"The carnivore and human occupations of the Wildscheuer cave, an Upper Pleistocene "des. res." in Hesse, Germany "

Publication Type:Journal Article
Year of Publication:2004
Authors:Turner, E
Journal:Revue de Paleobiologie
Date Published:2004
Keywords:Canis lupus

The former Wildscheuer cave was situated, along with the Wildhaus fissure, close to Steeden (Limburg-Weilburg District) in the valley of a small tributary of the Lahn River. Five archaeological horizons have been recognised in the deposits on the cave platform. Horizons I and II consist of deposits containing only five Middle Palaeolithic artefacts. The bulk of the fauna from these levels has been identified as cave bear and, along with the evidence from the mortality structure of the individuals, clearly relates to the use of the cave as a winter den by bears. The remains of hyaena, wolf and fox from these levels probably attest to the intermittent use of the cave by these carnivores as a den for rearing their young. A classic Upper Palaeolithic sequence of Aurig nacian, Gravettian and Magdalenian levels (Horizons III, IV and V) is stratified above the older deposits.
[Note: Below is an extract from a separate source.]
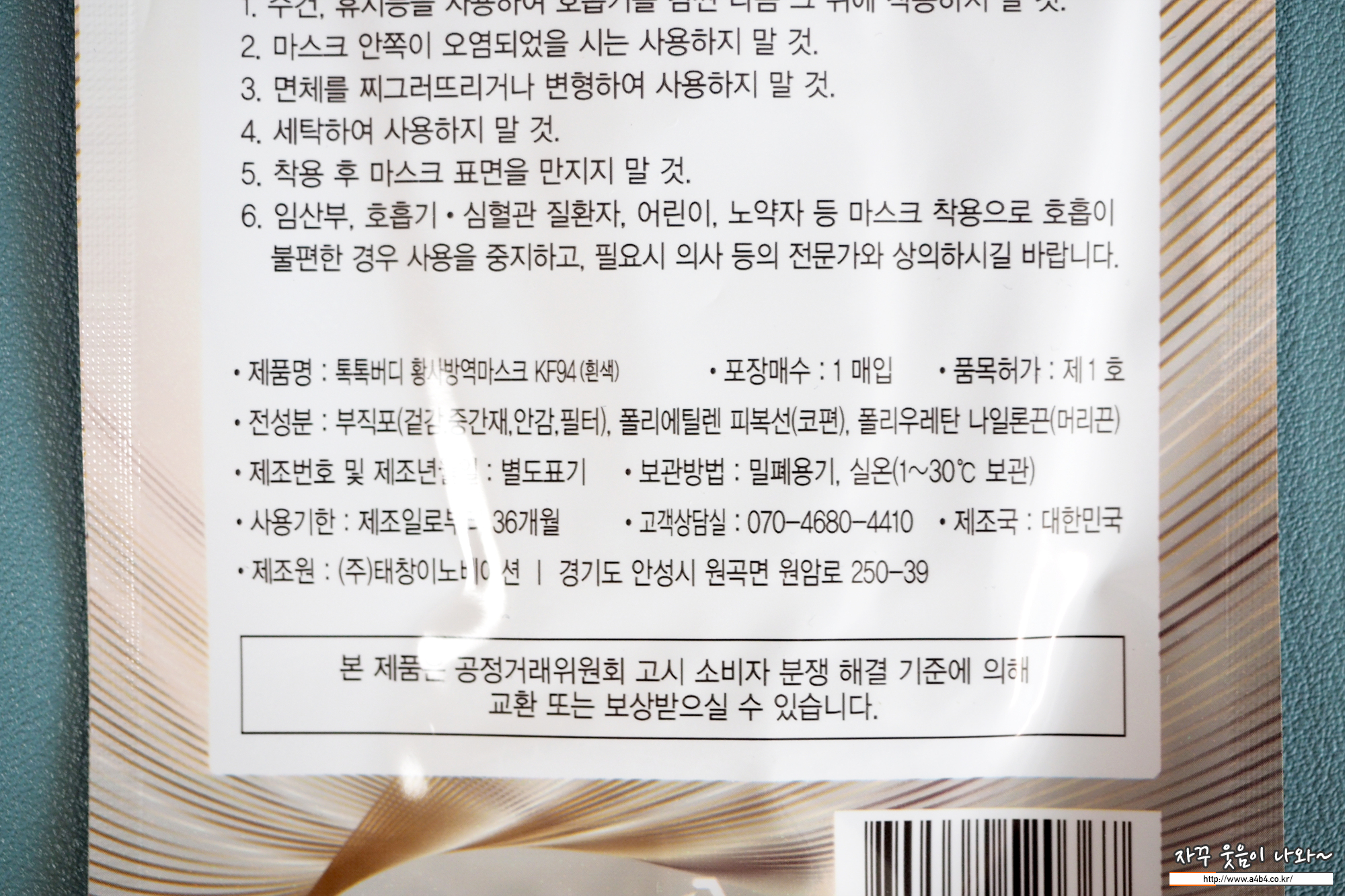 식약처 등록명은 '톡톡버디황사방역마스크 KF94'입니다. 19년에 식약처 허가된 제품으로 공적마스크 시절 저도 해당 제품을 받았던 기억이 있습니다. 마스크 제조사는 '주식회사태창이노베이션'으로 몇몇 다른 이름의 제품을 생산하고 있습니다.

With their rich lithic and bone industries, these levels represent periods when humans lived at the site. The faunas are dominated by reindeer (Aurignacian), large herbivores (Gravettian) and mammoth, rhinoceros and reindeer (Magdalenian). Carnivores play only a minor role in the faunas from the Aurignacian and Magdalenian levels; during the Gravettian period, the cave appears to have been occupied again by denning carnivores.